Safe Subtract — The Simplest Contract

Subtraction that floors at zero. Both conditions pass this easily, but it demonstrates the core principle: a contract makes implicit requirements explicit.

The Trap

Naive a - b goes negative when b > a. Z3 counterexample: a=2, b=100 → result=-98 violates ensures { result >= 0 }.

Contract Spec

export pure func safeSub(a: int, b: int) -> int
  requires { a >= 0, b >= 0 }
  ensures  { result >= 0 }

reference/safe_subtract.ail Reference Solution

module benchmarks/contract_guided/reference/safe_subtract

export pure func safeSub(a: int, b: int) -> int
  requires { a >= 0, b >= 0 }
  ensures  { result >= 0 }
{
  if a >= b then a - b
  else 0
}

export func main() -> () ! {IO} {
  println(show(safeSub(10, 3)));
  println(show(safeSub(5, 5)));
  println(show(safeSub(2, 100)))
}

Escalation Guard — Security Invariant

A privilege escalation check where a "bonus" for trusted actions can push the granted level past the role's base weight. The contract catches a subtle cross-function bug.

The Trap

The naive formula roleWeight + actionBonus - actionThreshold can exceed roleWeight when the bonus exceeds the threshold. Z3 counterexample: EDITOR(60) + READ bonus(15) - READ threshold(10) = 65, which exceeds roleWeight(EDITOR) = 60. Must cap the result.

Key Contract

-- The granted level must NEVER exceed the role's base weight.
export pure func grantedLevel(role: Role, action: Action) -> int
  ensures { result <= roleWeight(role) }

reference/escalation_guard.ail Reference Solution

module benchmarks/contract_guided/reference/escalation_guard

export type Role = ADMIN | EDITOR | VIEWER | GUEST
export type Action = READ | WRITE | DELETE

export pure func roleWeight(role: Role) -> int
  ensures { result >= 0, result <= 100 }
{
  match role {
    ADMIN  => 100,
    EDITOR => 60,
    VIEWER => 30,
    GUEST  => 10
  }
}

export pure func actionThreshold(action: Action) -> int
  ensures { result >= 10, result <= 80 }
{
  match action {
    READ   => 10,
    WRITE  => 50,
    DELETE => 80
  }
}

export pure func grantedLevel(role: Role, action: Action) -> int
  ensures { result <= roleWeight(role) }
{
  let base = roleWeight(role);
  let bonus = match action {
    READ   => 15,
    WRITE  => 5,
    DELETE => 0
  };
  let raw = base + bonus - actionThreshold(action);
  -- Guard: cap at roleWeight to prevent escalation
  if raw > base then base
  else if raw < 0 then 0
  else raw
}

Date Day-of-Year — Recursive Calendar with Leap Year Traps

8 functions including recursive daysBeforeMonth, 12-way month match, leap year with the 100/400 rule, and 3 consistency proofs. The baseline agent got 1900 wrong (treated it as a leap year). The tool-aware agent caught this via ai-check.

The Traps

Leap year 100/400 rule: 1900 is NOT a leap year (divisible by 100 but not 400). 2000 IS a leap year (divisible by 400). LLMs frequently get this wrong or reversed.
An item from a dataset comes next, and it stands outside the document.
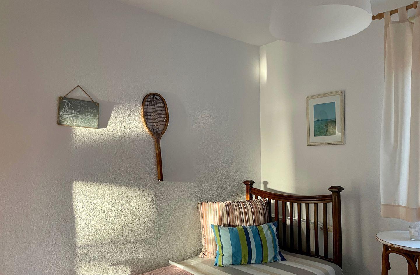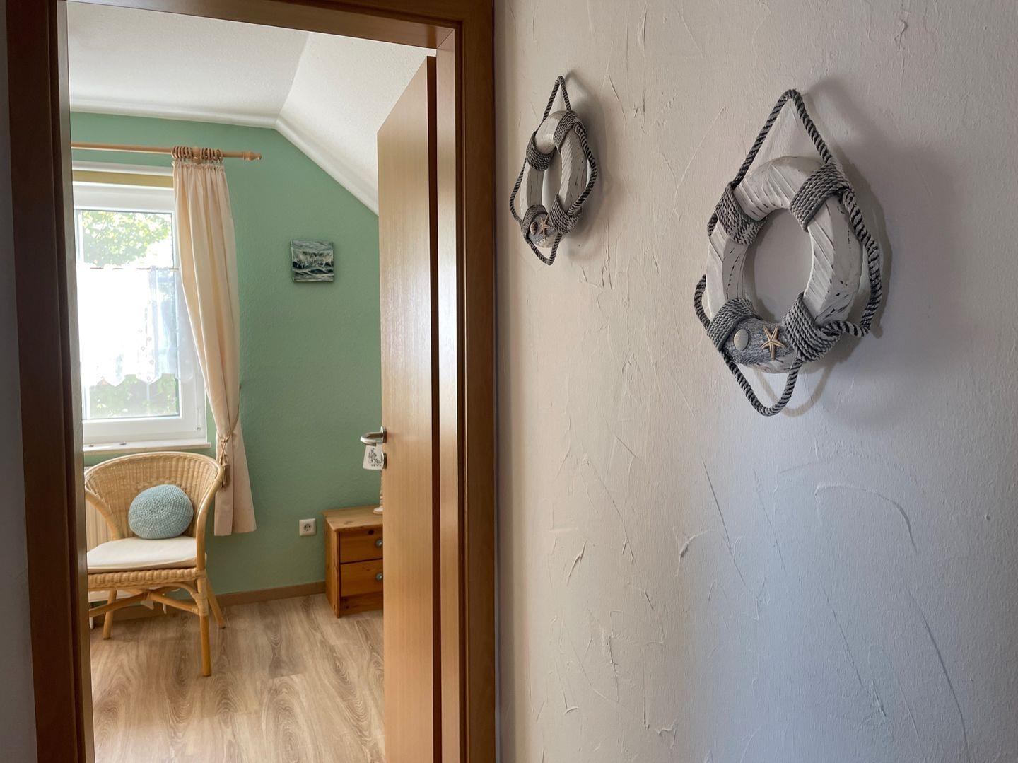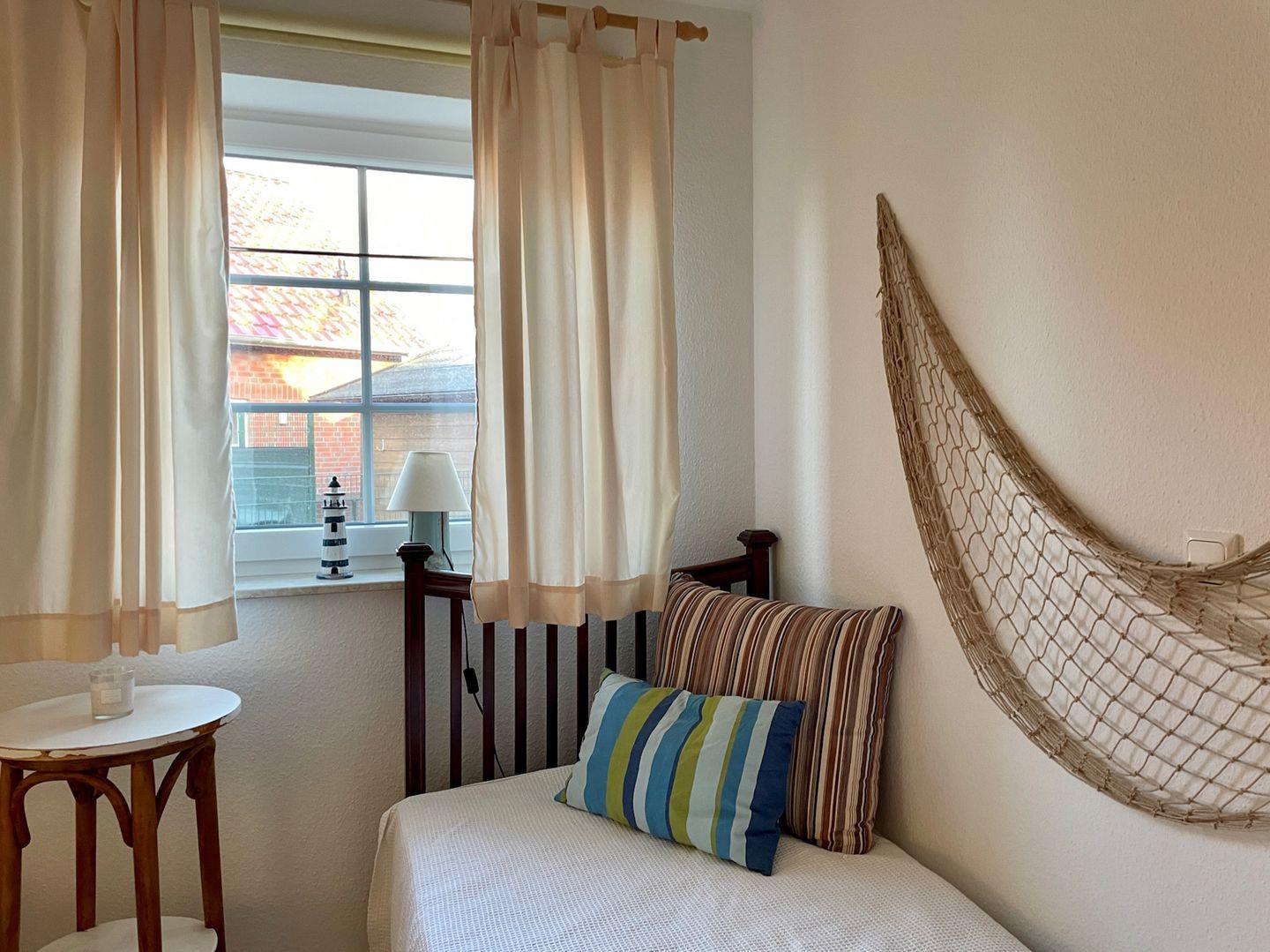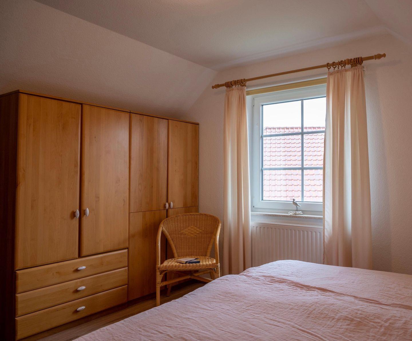 Das Haus verfügt über 3 Schlafräume (1xEG, 2xOG). Die Schlafräume im OG sind mit Laminat ausgelegt. Ein Schlafzimmer im Obergeschoss hat ein Doppelbett (1,80m x 2,00m). Im zweiten Schlafzimmer im OG befinden sich zwei Einzelbetten (1m x 2,00m). Im EG ist das Schlafzimmer mit zwei Einzelbetten ausgestattet.
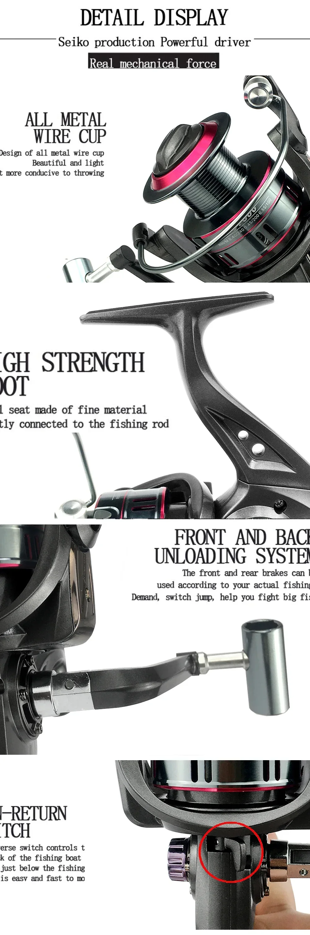 1. Taza de alambre de metal, resistente y duradera, sin daños al hilo de pescar.2.Brazo de roca intercambiable izquierdo y derecho3.La relación de transmisión de alta velocidad proporciona un rendimiento de rotación más rápido4.Bobina de línea de lanzamiento de metal más gruesa, duradera, no se deforma fácilmente.5.Cuerpo del carrete de material compuesto alto, resistencia aumentada en gran medida.

Recursive accumulation: daysBeforeMonth must correctly sum all previous months. An off-by-one in the recursion base case shifts all dates.

Consistency proofs: lastDayConsistent proves dayOfYear(y, 12, 31) == daysInYear(y) — if any month's day count is wrong, this fails immediately.

Key Contracts (3 consistency proofs)

export pure func lastDayConsistent(year: int) -> bool
  requires { year >= 1 }
  ensures  { result == true }
-- proves dayOfYear(y, 12, 31) == daysInYear(y)

export pure func leapFebConsistent(year: int) -> bool
  requires { year >= 1 }
  ensures  { result == true }
-- proves Feb days match leap year status

export pure func marchFirstConsistent(year: int) -> bool
  requires { year >= 1 }
  ensures  { result == true }
-- proves March 1 = day 61 (leap) or 60 (non-leap)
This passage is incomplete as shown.